Employment Contracts with Executives
The Registrant has employment agreements with Messrs. Gliedman, Friedman,
Wall, Vachani and Schultz. The employment term of the agreement with Mr.
Gliedman originally was for the three years ending September 30, 1996, but the
term is automatically extended each year for one year unless prior to a
September 30th which is two years prior to the then end of the term either Mr.
Gliedman or the Registrant elects to have the term not so extended. Neither Mr.
Gliedman nor the Registrant yet has so elected and the term now ends September
30, 1997. The employment term of all the other agreements as amended, ends
September 30, 1996.
The compensation provided by Mr. Gliedman's agreement is an annual salary
which currently is $370,600 with a cost-of-living increase on each October 1st,
plus a bonus in an amount equal to 25% of the bonus pool ("Bonus Pool") created
by the Registrant's Bonus Plan for Executives and Key Employees but not
exceeding his salary for the applicable year. The compensation provided by the
agreements with Messrs. Friedman, Wall, Vachani and Schultz is an annual salary
in the following amounts, and each will receive a cost of living increase on
October 1, 1995:
Daniel Friedman $242,900
James Wall 221,300
Mohan Vachani 243,500
Harvey W. Schultz 190,400
Mr. Friedman was paid in fiscal 1995 an additional $20,000 to compensate him for
the reduction in the pension which will be payable to him under the Registrant's
retirement plan resulting from a change in the tax law, and the Registrant
currently is paying him such additional amount.
<PAGE>
Each of Messrs. Friedman, Wall, Vachani and Schultz will receive such
percentage of the Bonus Pool as the CEO determines but the bonus amount to the
executive may not exceed his earnings for the applicable year.
The Bonus Pool for a fiscal year is 15% of the Bonus Pool Earnings (if any)
for that year. The Bonus Pool Earnings for a fiscal year is determined by (A)
deducting from the Registrant's after-tax income for the year the following:
(a) an inflation adjustment consisting of (x) the shareholders' equity
at the beginning of the year times (y) the percentage increase in
the cost of living during the year, and
(b) a return on equity, consisting of 5.1% of the shareholders' equity
at the beginning of the year,
and (B) dividing the resultant amount by the reciprocal of the effective income
tax rate applicable to the Registrant for such year.*
In the event there is a "Change in Control" of the Registrant, each of the
five executives will have the option to have an amount equal to the bonus paid
or payable to him for the fiscal year immediately preceding the date of exercise
of such option frozen into his salary and, if such option is exercised, will
also have the option to terminate his employment and become a consultant to the
Registrant until the end of his employment term. As a consultant, the executive
will be paid 57-1/2% of his salary at the time of termination of the employment
period (plus a cost of living adjustment). There will be a "Change in Control"

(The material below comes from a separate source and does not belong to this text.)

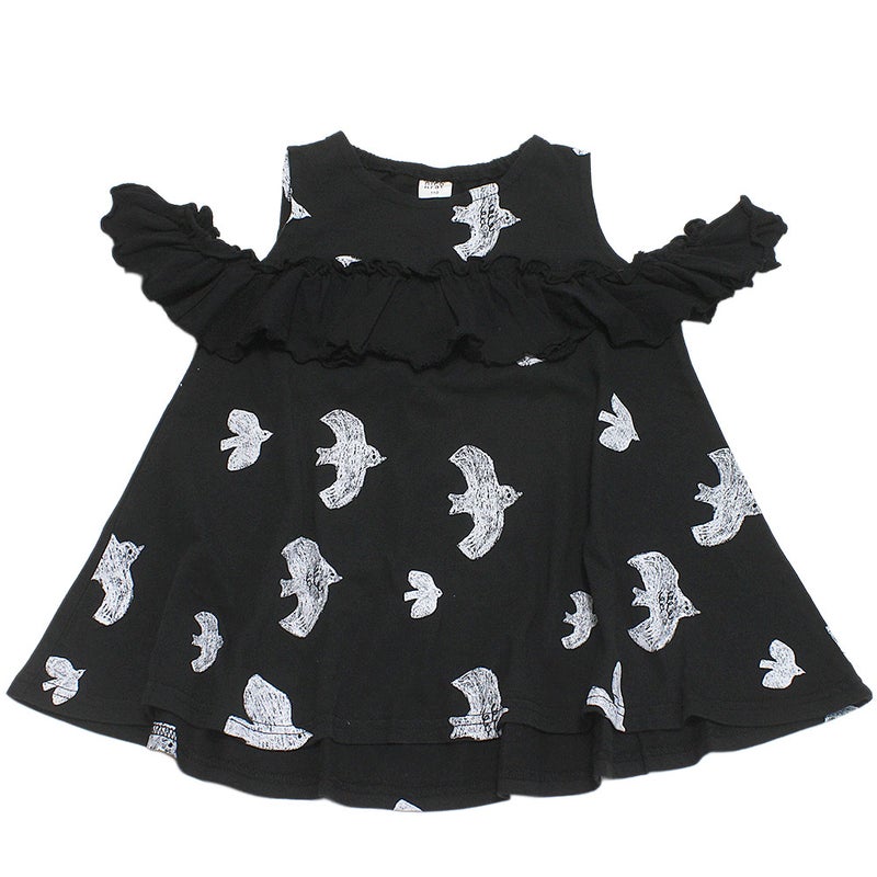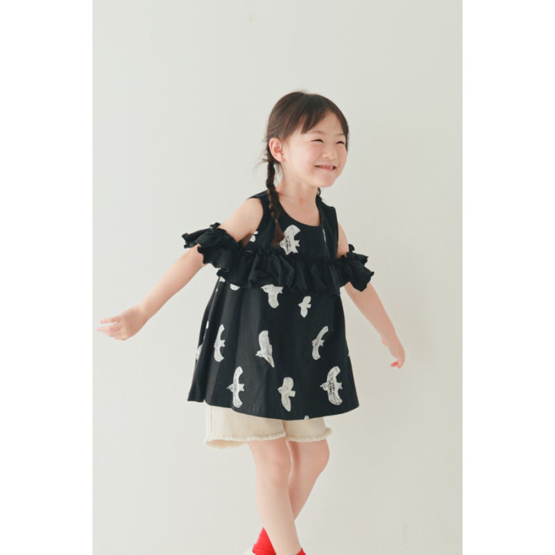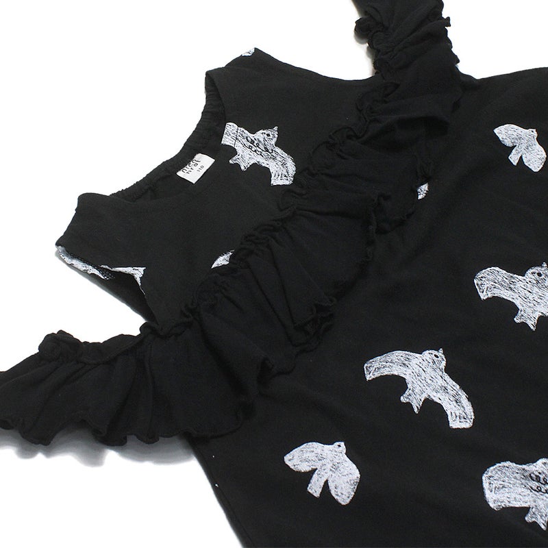 [ニコフラート] オフショルダーバードフリル Tシャツ ブラック(BK)

of the Registrant if, among other things, 20% or more of the Registrant's Common
Stock is acquired by a person or a group and such person or group, by its filing
on Schedule 13D under the Securities Exchange Act of 1934 or otherwise,
indicates the intention of seeking or exercising control of the Registrant or
reserves the right to do so.
The employment agreements with Messrs. Gliedman, Wall and Friedman provide
that during the employment term each shall be included in the management slate
for election as a director and shall be elected to the respective offices
presently held by him. The employment agreements with Messrs. Vachani and
Schultz provide that each shall be elected to the offices presently held by him.
Each of the employment agreements provide for certain continuing payments in
the event of the death or disability of the executive.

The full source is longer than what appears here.